Atrial fibrillation (AF) recurrence remains frequent in patients with obesity after catheter ablation and is associated with adverse outcomes. In Circulation: Arrhythmia and Electrophysiology, a retrospective cohort study evaluated the association between glucagon-like peptide-1 receptor agonist (GLP-1RA) therapy and AF outcomes following catheter ablation.
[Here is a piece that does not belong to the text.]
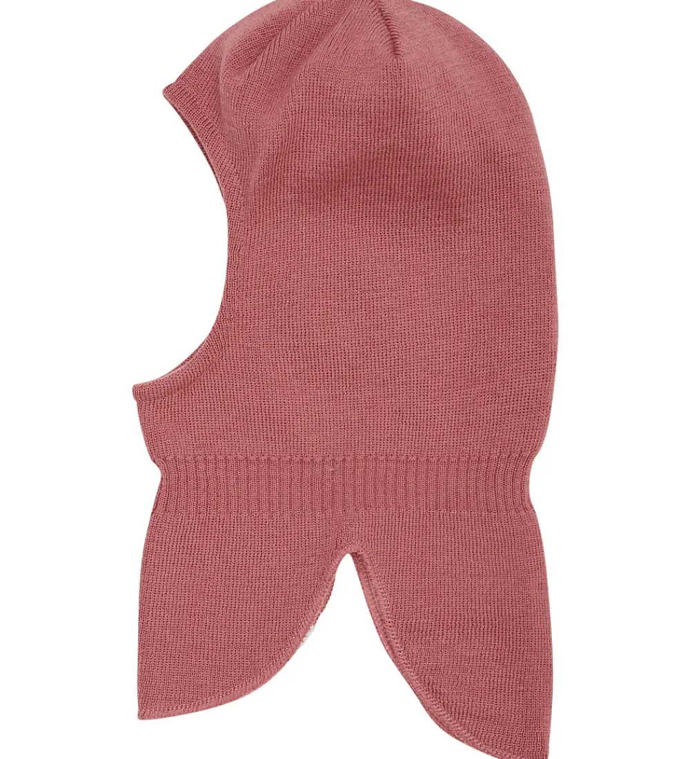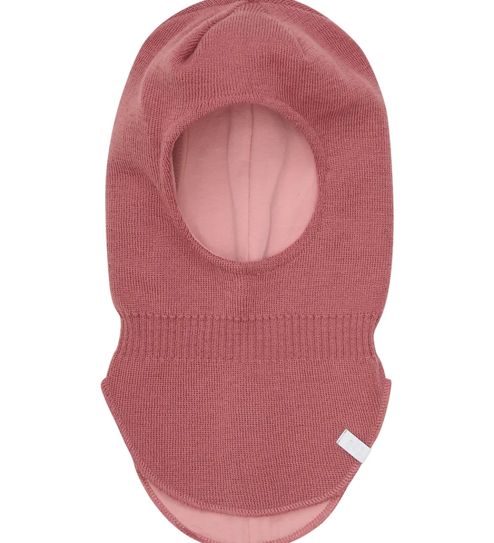 Lækker Minymo elefanthue i rosa strik med en lille, refleks-logoapplikation ved halsen fortil.

The analysis used data from a large multicenter electronic health record network. Adults aged 18 years or older with obesity, defined as a body mass index (BMI) greater than 30 kg/m², who underwent AF ablation between January 2015 and January 2025 were included. The cohort comprised 3,350 GLP-1RA users and 3,350 nonusers. Groups were matched 1:1 using propensity scores across 82 clinical and demographic variables. These variables included age, sex, race, AF subtype, cardiovascular comorbidities, and baseline medications.
During a median follow-up of 2 years (interquartile range [IQR], 0.8-3.2 years), AF recurrence was lower in GLP-1RA users compared with nonusers. Rates were 6.66% versus 7.72%. The hazard ratio (HR) was 0.82 (95% confidence interval [CI], 0.76-0.88; P < 0.0001). Progression to permanent AF occurred less frequently in GLP-1RA users (3.16% vs 3.38%; HR, 0.77; 95% CI, 0.63-0.93; P = 0.01). All-cause mortality was lower (HR, 0.73; 95% CI, 0.59-0.91; P = 0.01). Heart failure (HF) hospitalization (HR, 0.80; 95% CI, 0.71-0.90; P < 0.0001) and cardiovascular (CV) hospitalizations (HR, 0.85; 95% CI, 0.77-0.93; P = 0.001) were also reduced. No significant difference was observed for redo ablation.
In this real-world cohort, GLP-1RA therapy was associated with lower AF recurrence and fewer adverse cardiovascular outcomes after ablation in patients with obesity.